Wrote Chief Justice John Roberts, 5 years ago, quoted in "Trump's firings of independent agency heads put 90-year-old Supreme Court precedent in crosshairs" (CBS News).
In what is likely to be the Trump administration's first Supreme Court emergency appeal of his second term, the solicitor general is expected to ask the high court to permit Dellinger's firing, according to documents obtained Sunday.
Dellinger = Hampton Dellinger, "who oversees the office that investigates whistleblower complaints"
The 90-year-old case = Humphrey's Executor. Justice Clarence Thomas, joined by Neil Gorsuch, called Humphrey's Executor "a direct threat to our constitutional structure and, as a result, the liberty of the American people," and said he "would repudiate what is left of this erroneous precedent."

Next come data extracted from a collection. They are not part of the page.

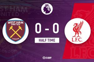 上半場補時1分鐘,西漢姆聯0-0利物浦。
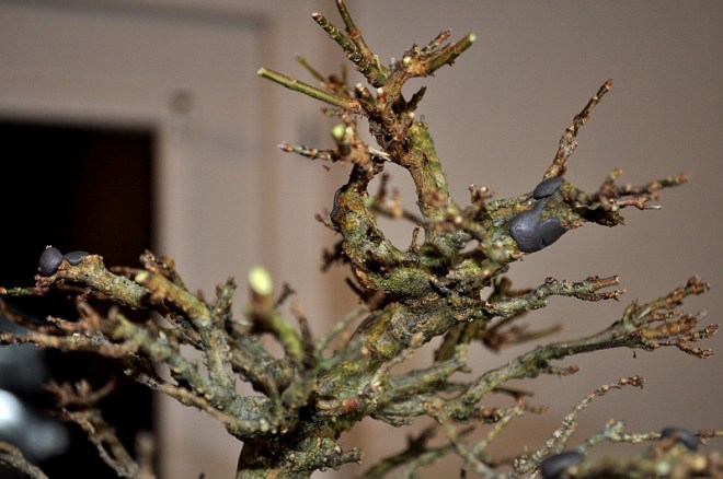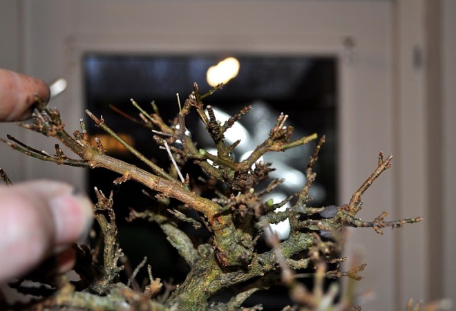 Below: Not the best of pictures but I hope it shows enough of how the ramification looks after all the work?! From here it will be more working towards improving the finer ramification and structure of all the branches. I am happy to see that this long partnership is getting closer to the image of a mature Bonsai…I can’t wait to see how it looks in a few more seasons’ time!
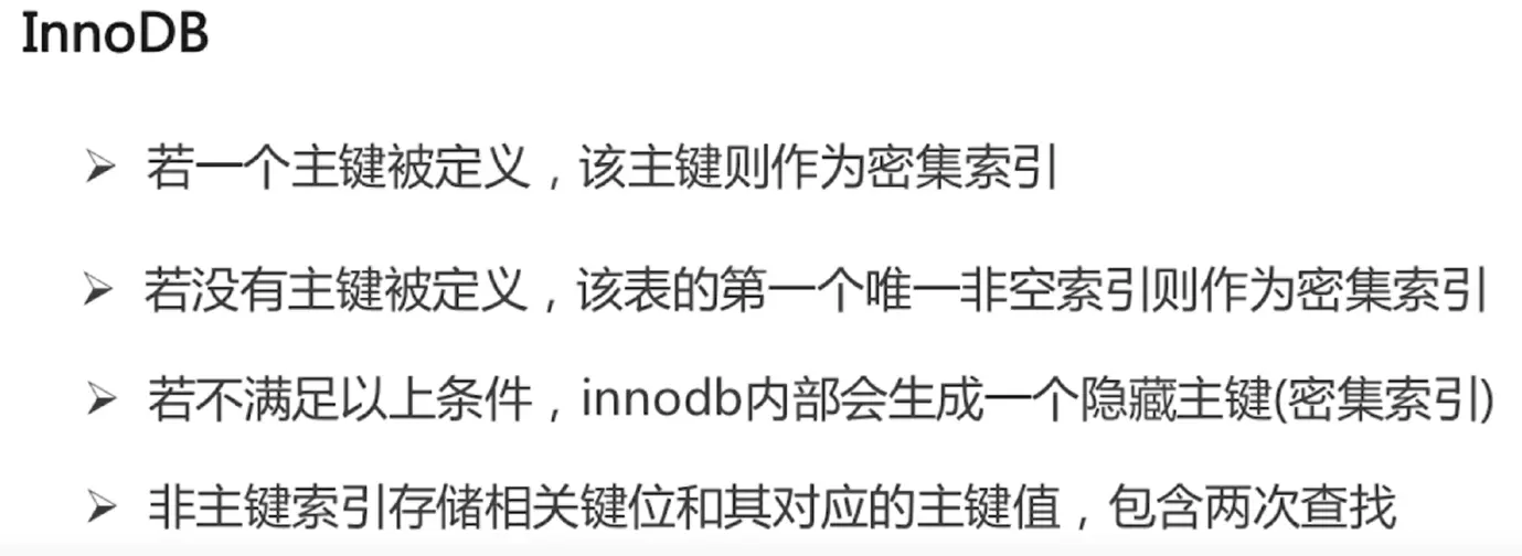 MyISAM 稀疏索引和其他 innoDB 只有密集索引 (聚集索引 非聚集索引)
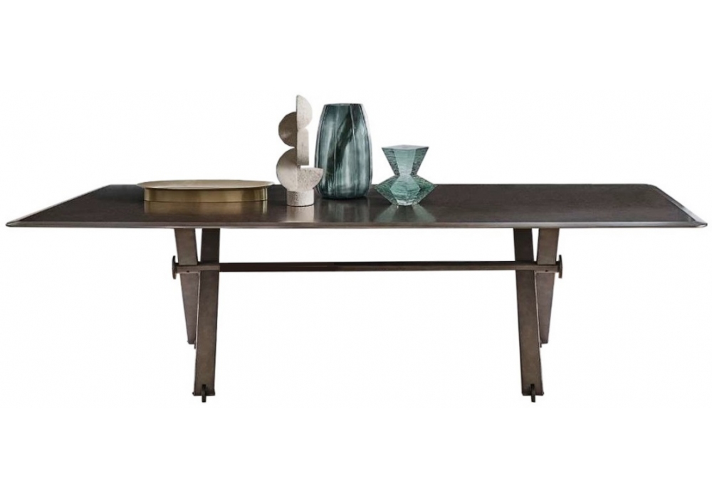 Maat Antique Bronze/Lead firmato da Pietro Russo per Gallotti&Radice è un tavolo con piano in cristallo 15mm verniciato nella finitura esclusiva bronzo antico e piombo con bisello da 35mm e struttura in alluminio e dettagli nella stessa finitura del piano.

(It's Humphrey's Executor because the man, who was fired by FDR, had died, and the family was suing for back pay.)
40 comments:
First of many emergency appeals, apparently…
I think anyone empowered to issue binding regulations or decide where a federal dollar is spent should be employed only at the pleasure of the President. I would remove civil service protections for the senior executive service and two or three layers lower down.
The Federal government's janitors and secretaries and truck drivers who have nothing whatsoever to do with policy or disbursements may merit some protection from being replaced by cronies of the incoming president's party as happened under the old "spoils system". But when I voted for Donald Trump it's because I wanted him to give the boot to armies of partisan Democrat GS-12's and up who have been working for my enslavement and impoverishment. I hope the Supreme Court sees it the same way, or elections are just a joke and we really are slaves for the government scum. In that case we should free ourselves from the tyrannical filth by any means necessary.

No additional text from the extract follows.